Tiffany performing side plank Pilates pose

Getting Started with Pilates.

New to Pilates? Here’s What to Expect - and How to Prepare Like a Pro

If your usual workout routine feels a little… well, blah, Pilates might be just the thing to shake it up. Whether you're stretching out on the mat or discovering the magic of a reformer, Pilates is a full-body, mindfully empowering workout that can help you feel strong, centered, and energized.

If you're curious but a little unsure about what to expect from your first class, don't worry—you’re not alone. This guide will walk you through the basics of Pilates and give you 11 friendly, practical tips to help you show up feeling confident and ready to move.

Let’s get you Pilates-ready!

So, What Is Pilates, Anyway?

Pilates is a low-impact, high-reward form of exercise that focuses on strengthening your core, improving your posture, and increasing your flexibility—all while giving your mind a breather and your body a boost. It’s gentle on the joints, but don’t be fooled: it works deep muscles you didn’t even know existed!

The movements are precise, the breathwork is intentional, and each session helps you build better body awareness. No matter your age or fitness level, Pilates meets you where you are and helps you move better in everyday life.

Why People Love It (And You Might, Too)

Pilates can help you:

  • Strengthen and tone your entire body—especially your core

  • Improve your flexibility and mobility

  • Support better posture and alignment

  • Relieve stress and boost your mood

  • Gently rehab old injuries or prevent new ones

It’s not about pushing your body to the limit—it’s about moving with intention and making every movement count.

11 Tips to Rock Your First Pilates Session

Whether you’re heading to a mat or reformer session, these tips will help you feel totally prepped.

  1. Dress for movement - Go for comfy, form-fitting clothes that let you stretch and flow. Avoid anything with zippers, buttons, or baggy fabric that might get in the way. Think leggings and a fitted tank or tee.

  2. Arrive a little early - Give yourself 10–15 minutes to check in, breathe, and settle in. First time? Let your instructor know so they can offer guidance, modifications, and a warm welcome.

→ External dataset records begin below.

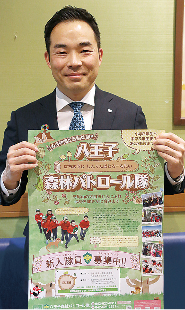 体験活動を通じて自然の大切さに触れ合う「緑の少年団」の中でも、先駆け的存在として1967年に八王子青年会議所(JC)によって結隊された「八王子森林パトロール隊」。今年から新隊長として指揮を執る長田信介さん(多摩養育園)は「肯定される場所を作りたい」と話す。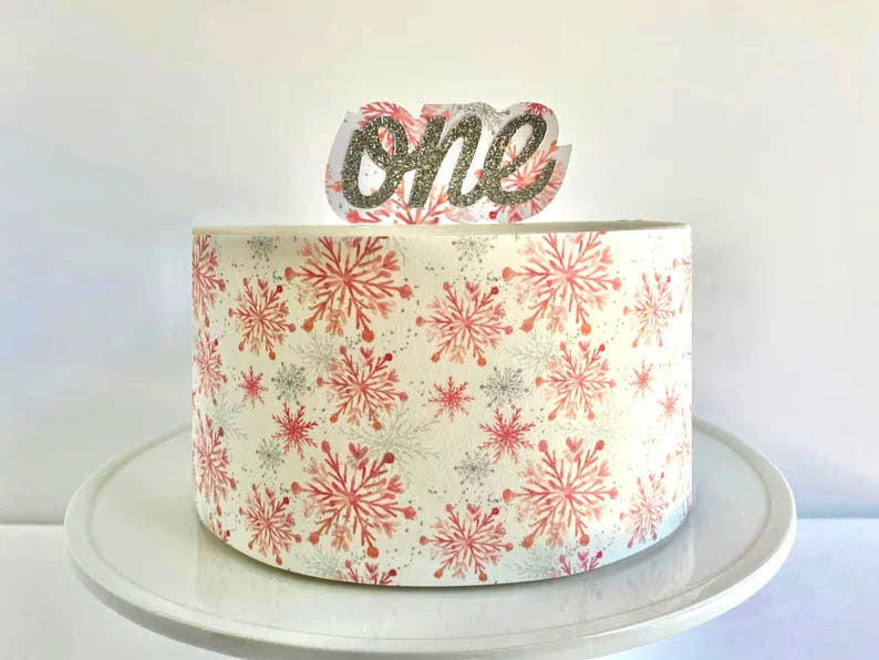 White single tier cake with red and silver snowflake patterns and a glittery 'one' topper.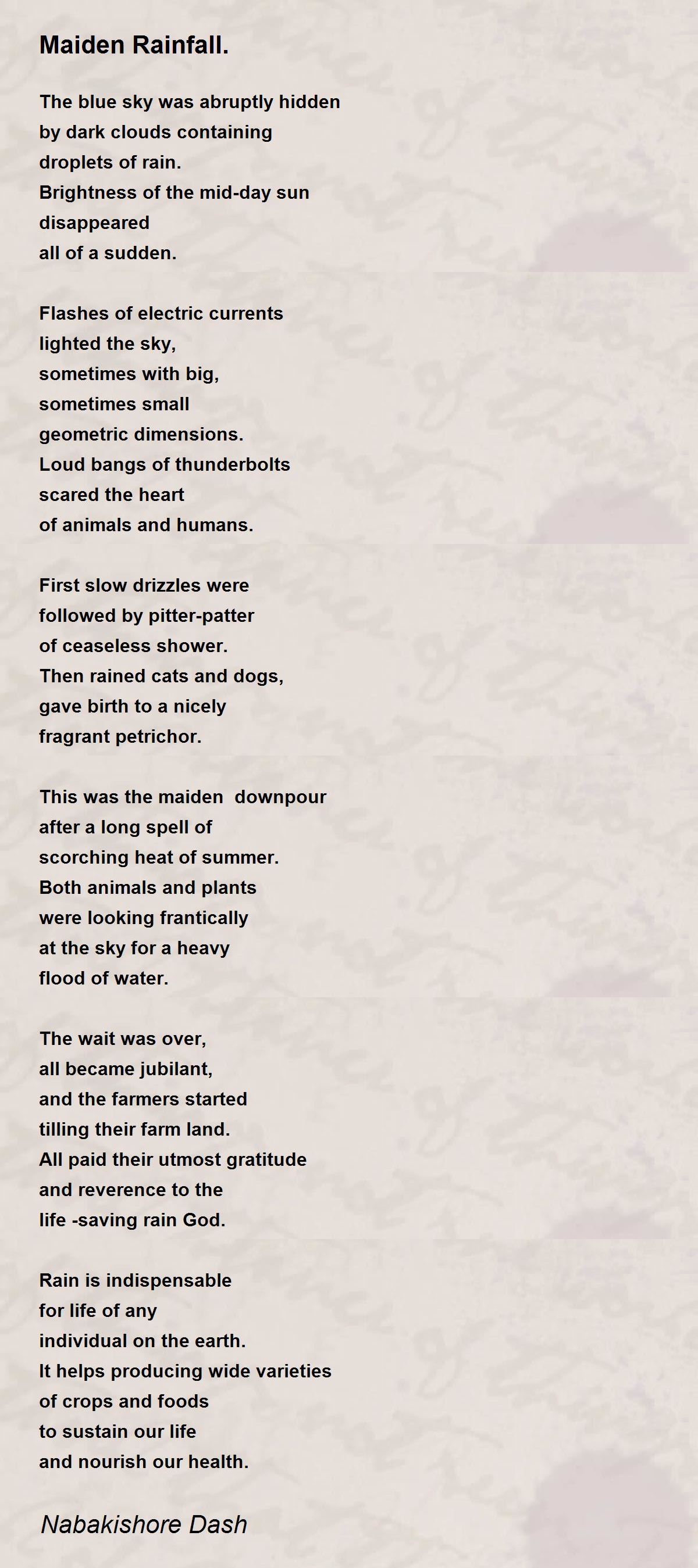 Maiden rainfall always brings joy to all especially plants. A beautiful poem that expresses in wonderful detail the importance of rain. Top Marks!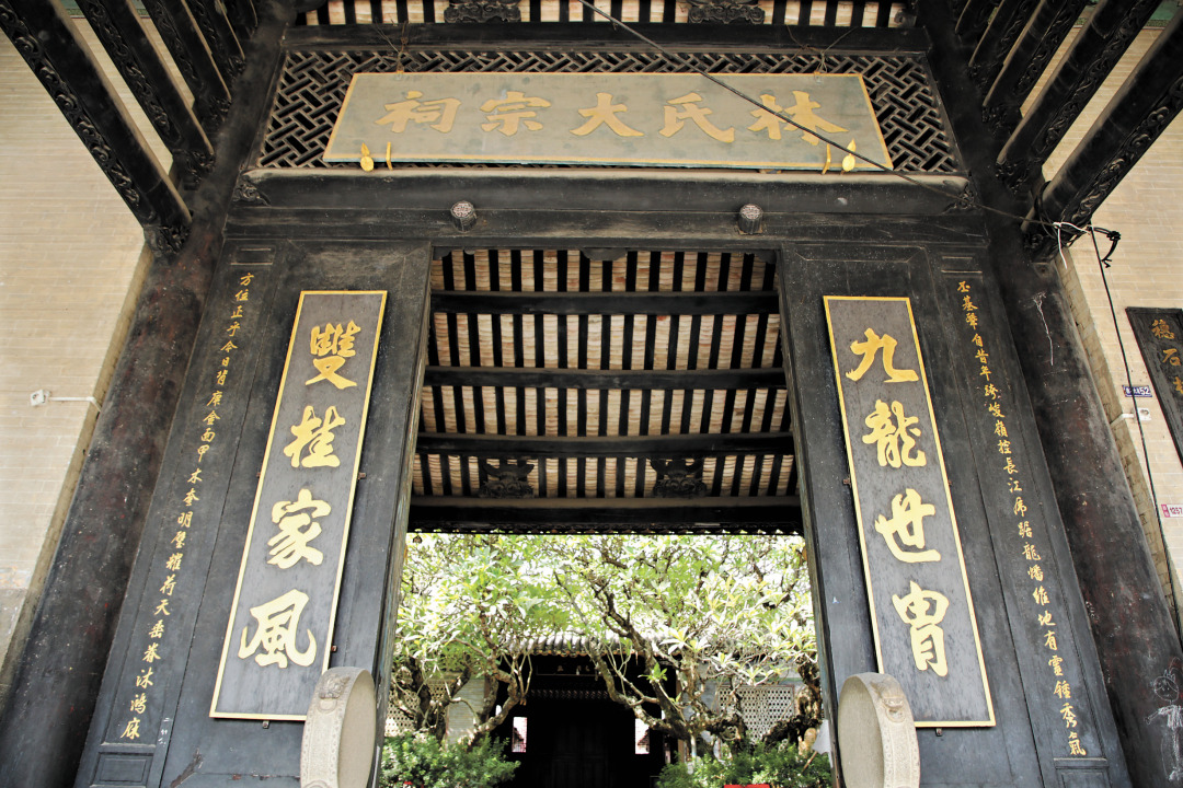 走進(jìn)穗石村,林氏大宗祠正在維修,兩扇大門上畫有高大威武的門神——秦叔寶和尉遲恭,兩側(cè)有一副對(duì)聯(lián),上書“九龍世胄雙桂家風(fēng)”,說的是先祖中有兩兄弟同時(shí)中舉,兩代人九子同時(shí)在朝中做官的故事。91歲的村民林銘康介紹,曾有福建同宗在電視上看到穗石村的這副對(duì)聯(lián),一下子驚呼起來,發(fā)現(xiàn)兩地林姓系出同源。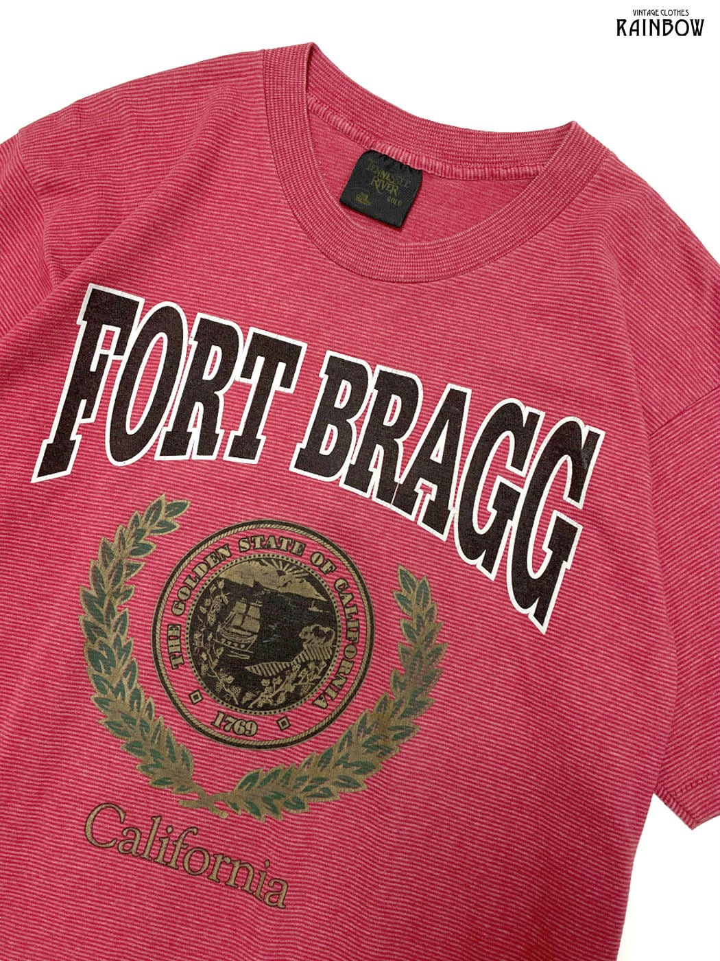 #トップス #Tシャツ #ハーフスリーブ #赤 #ボーダー柄 #ロゴデザイン #カレッジロゴ #FORT BRAGG California #アメリカ製 #コットン #半袖ロゴTシャツ
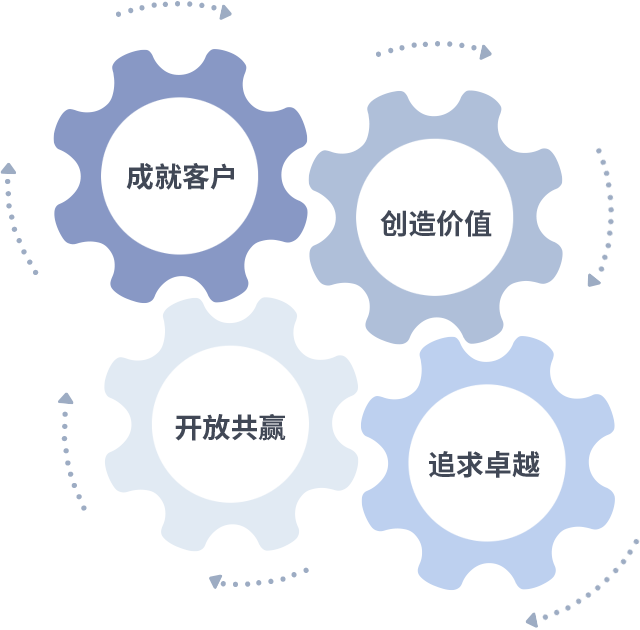 成就客户是一切决策的出发点,创造价值是衡量所有工作的标准,追求卓越是俄罗斯专享会全民vip做事做人的态度,开放共赢是俄罗斯专享会全民vip的格局也是最终的结果。价值观的齿轮环环相扣,推动着组织里的每个人不断向前。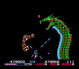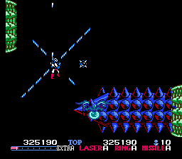 Most of the levels play out as sidescrollers where you go in all sorts of different directions and try not to die against the many flying enemies, turrets, and stage hazards littered about. If you fly around and explore every potential nook, the screen actually scrolls in a different direction than usual and reveals some bonus items that normally would have gone unseen. The manual encourages you to find as many of these “hidden rooms” as possible, and since you don’t blow up on contact with walls, try searching for them when you aren’t mobbed by Burai fire. The end of the normal levels pits you against large bosses with names equally awesome and audacious. The large spider-crustacean thing with rotating tentacles at the end of level one is apparently named the “Giganticrab”, and the dividing worm boss of level two is the “Jawsipede.” The bosses provide fair challenges as they have some tricky attack patterns, but you can shred most of them apart in seconds if you aim true and have a powered sub-weapon. The only one who takes a long time to beat is the final boss, which just so happens to be that rad dragon on the cover art.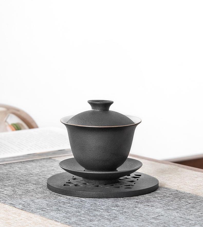 Genießen Sie einen köstlichen Tee in dieser wunderschönen handgefertigten Keramiktasse mit Deckel und Untertasse. Ein wirklich außergewöhnliches Produkt für Teeliebhaber.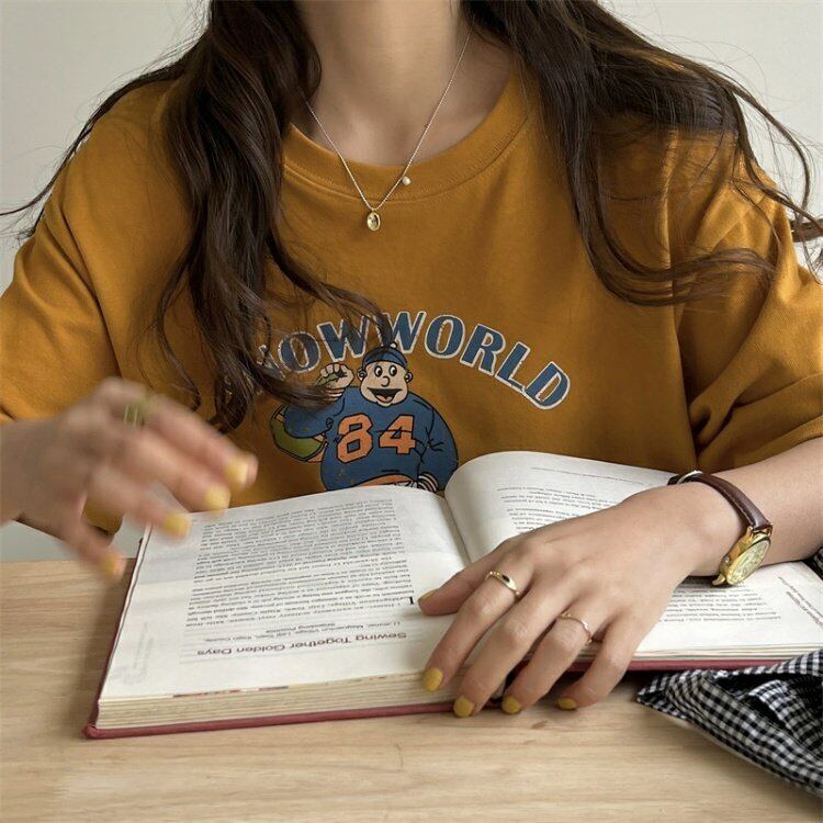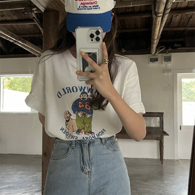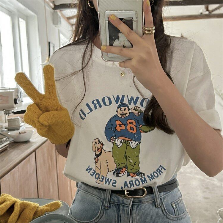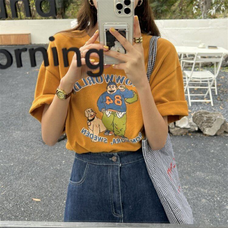 スタンダードプリントTシャツシャツ ゆったり夏服ルーズカジュアルトップス レトロ 夏物 MONROE11929881852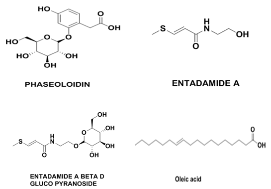 Subjecting of MEEP to fractionation and purification led to the isolation of 4 compounds. The structures of isolated compounds were known by using IR, MS, 1D, and 2D NMR spectroscopic techniques. A comparison of the spectral data with those reported in the literature [30] led to identification and confirmation of the compounds as Oleic acid (1), Entadamide A (2), Entadamide A-b-D-glucopyranoside (3) and Phaseoloidin.
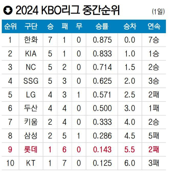 반면, 롯데는 아직 제대로 날개를 못 펴고 있다. 개막 4연패를 포함해 초반 7경기에서 6패를 떠안으며 최하위권으로 처졌다. 매년 시즌 초만큼은 호성적으로 ‘봄데’란 별칭을 얻은 롯데지만, 올해는 2018년 개막 7연패 이후 6년 만에 다시 추운 봄을 맞이했다.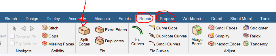 Note, that you there is no need to import the model into DesignModeler because all the geometry work can be done in SpaceClaim. Make sure the geometry is good in SpaceClaim (no small edges, split edges, etc.). Use the "Repair" and "Prepare" tabs in SpaceClaim: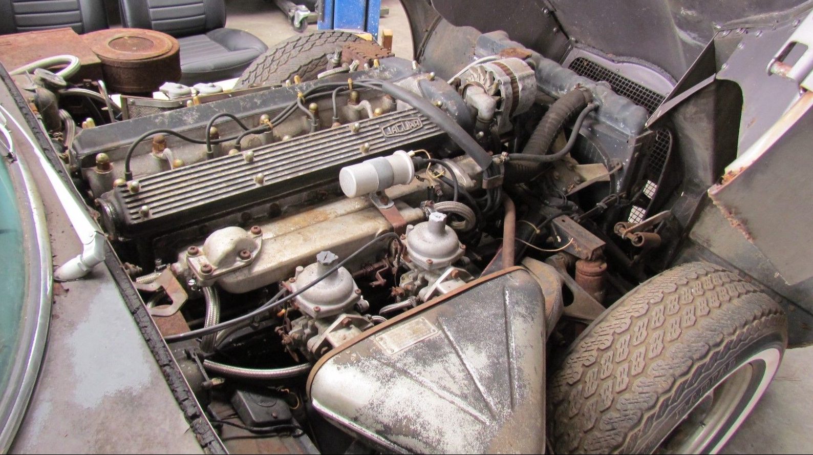 The seller notes that the passenger side door skin will need replacing, but I dig the weathered appearance on the rear hatch and roof. I can’t say I’ve ever seen an E-Type sporting the rat rod look, so this could be a first. Bumpers and glass look presentable, as do factory lenses. White wall tires aren’t my favorite look but they’re at least holding air; the seller provides little in the way of info about mechanical health, including whether the 4.2L mill still spins freely.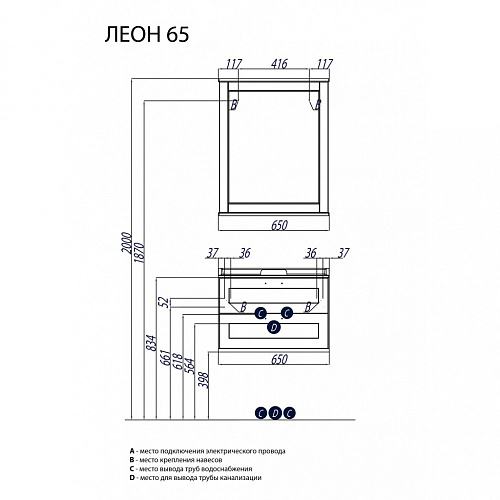 Тумба Акватон 1A187001LBPR0 Леон под раковину, 65х45 см, дуб бежевый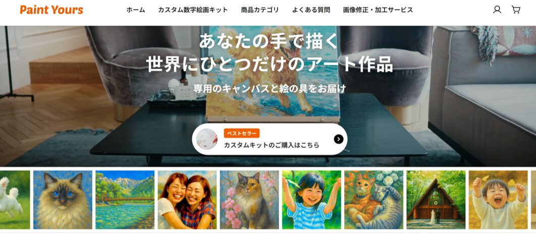 ペイントユアーズというサービスをご存じでしょうか?思い出の写真をサイト内にアップすると絵画にするためのキャンパス・絵の具・筆などを送ってくれ手順に沿って塗り絵感覚で進めるだけで世界に一つだけのアートが完成するというサービスです。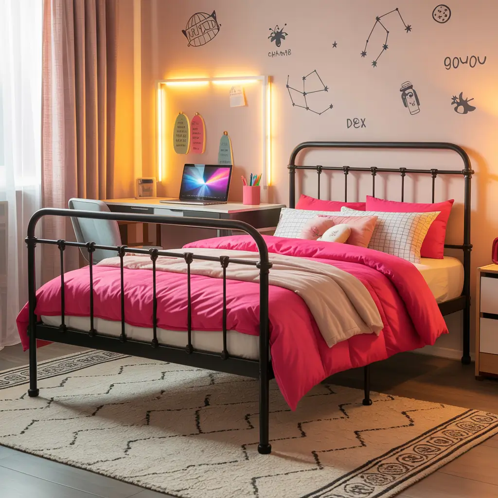 Focus on sophisticated patterns, quality furniture that’ll last through college, and decor that reflects their actual interests. Maybe they’re into music? Black acoustic panels with pink LED backlighting. Art lover? Gallery wall with black frames and pink accents. The possibilities are endless when you listen to what they actually want.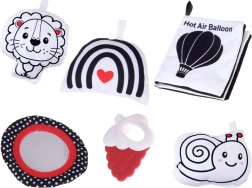 Figurine moi, cărticică cu contrast, zornăitoare, oglindă și jucărie de dentiție încurajează prinderea, coordonarea mână‑ochi și percepția senzorială.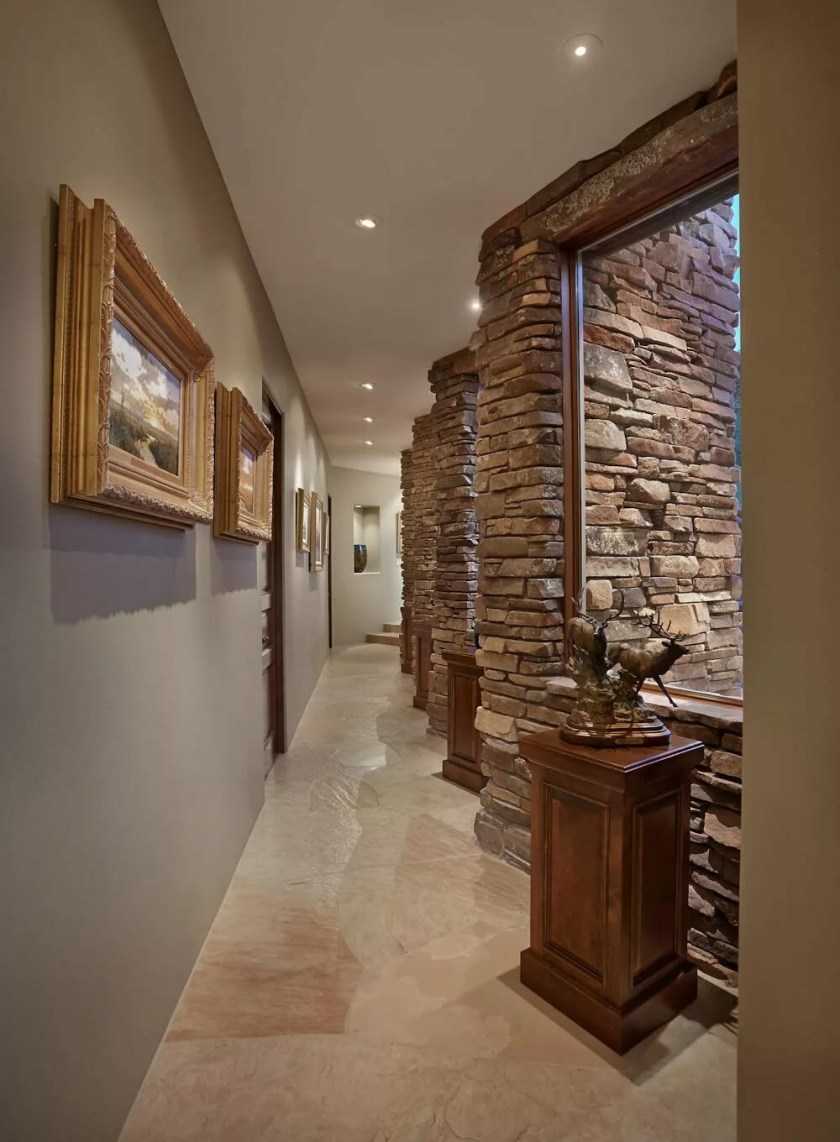Выбирая камень для коридора, сначала определяются с цветом, формой, фактурой. Используя светлые оттенки, можно визуально придать помещению дополнительный объем, темные – сделать его ярче, насыщеннее.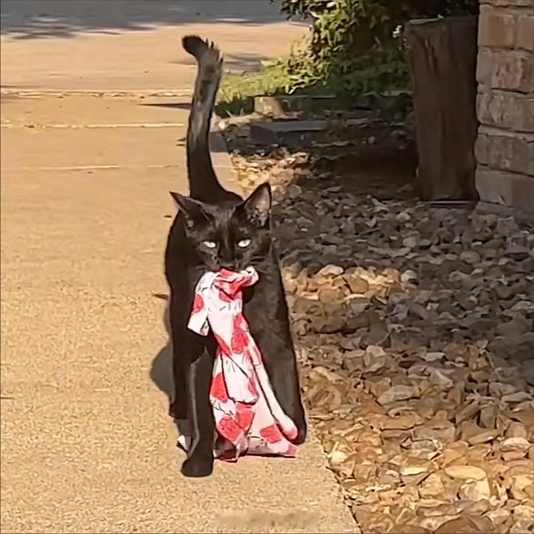 猫咪一直在外面顺东西回家,以至于猫主人不得不竖起一块牌子,让邻居们收回他们的东西。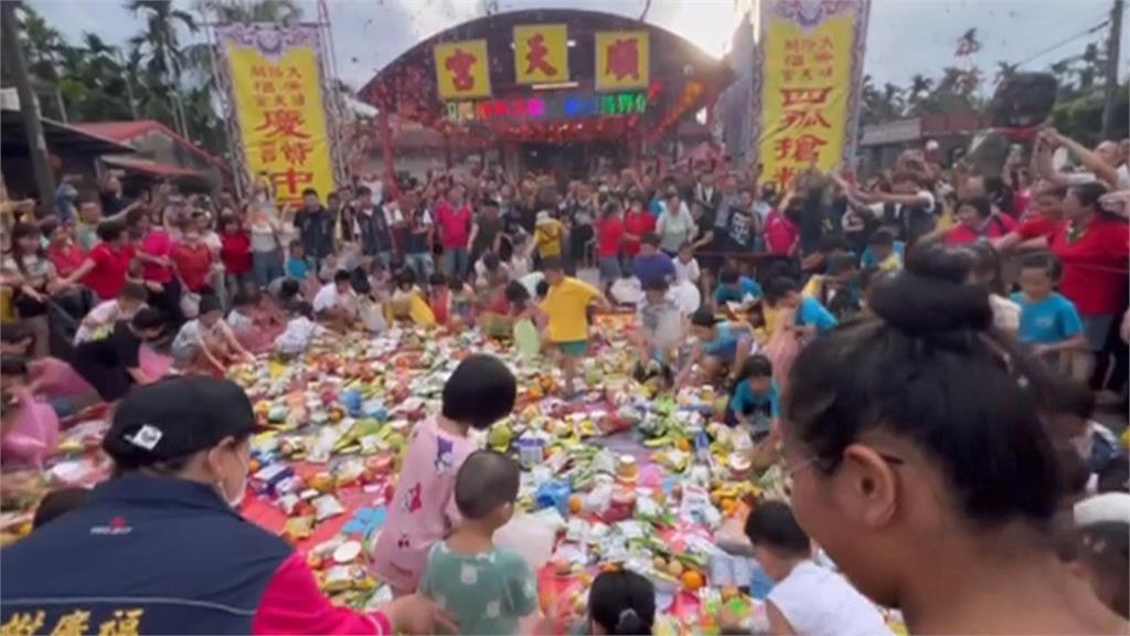 各式水果餅乾和點心,平鋪在大塑膠布上,小朋友們手拿著大袋子,等待時間一到,就能開搶。現場人員:「開始小朋友開始,大人不要下去喔把袋子裝滿喔。」小朋友忙著搶零零食糖果,大人們則是搶著接裝有摸彩券的彩球。現場人員:「來把你們的雙手舉高,幫我們丟遠一點後面的朋友。」屏東高樹大路關獨特的四孤搶粄,中元節當天在廣福村順天宮登場,預估有上千人一起參與,現場尖叫聲此起彼落,非常熱鬧,大人小孩都收穫滿滿。

  3. Warm up your body - Pilates may be low-impact, but a gentle warm-up helps activate your muscles. A light walk or dynamic stretches can do wonders before class begins.

  4. Tune into your body - Follow your instructor’s cues, but also listen to your body. If something feels uncomfortable, raise your hand—we love giving alternatives or adjustments.

  5. Go at your own pace - Pilates is not a competition. If something feels too much, it’s okay to take a break or modify. This is your practice—honor where you are.

  6. Be patient with yourself - Don’t worry if the moves (or the lingo) feel foreign. That’s normal! Give it time. You’ll get more familiar with the flow the more you show up.

  7. Sip smart - Bring a water bottle and take small sips throughout class. You don’t need to chug, but staying hydrated will help you feel your best.

  8. Ask questions - We love curious students! If anything feels confusing, speak up—before, during, or after class.

  9. Reflect after class - What felt great? What was challenging? Take a moment to check in with yourself or chat with your instructor while it’s fresh.

  10. Expect a little soreness - Yes, your muscles might talk back the next day. That’s a good sign! Stretch, hydrate, and give your body time to recover.

  11. Keep coming back - Pilates is one of those practices that only gets better with time. Stick with it and you’ll start to feel stronger, more balanced, and more connected to your body.

What to Bring to Your First Class

Here’s your no-fuss Pilates packing list:

  • Grippy socks – These keep you steady and hygienic, especially on shared equipment.

  • Water bottle – Hydration is key.

  • Towel – Optional, but nice to have if you get a bit sweaty.

  • Mat – If you’re doing mat Pilates and want your own (some studios provide them).

  • Positive vibes – Okay, a little cheesy—but showing up with an open mind makes all the difference!

A Note on Eating and Hydration

Try to eat a light snack 1–2 hours before class—think fruit, yogurt, or a small smoothie. You want enough fuel to move, but not so much that you feel heavy or bloated. And don’t forget to hydrate throughout the day—not just during class.

Ready to Give Pilates a Try?

Starting something new can feel a little intimidating, but I promise—you don’t need to be flexible, fit, or coordinated to begin. You just need to show up and try. That first class might surprise you in all the best ways.

See you in the studio soon - your core (and your confidence) will thank you!

Woman using reformer machine in a Pilates studio

“Every moment of our life can be the beginning of great things.

— Joseph Pilates, Inventor and Promoter of Pilates method of physical fitness.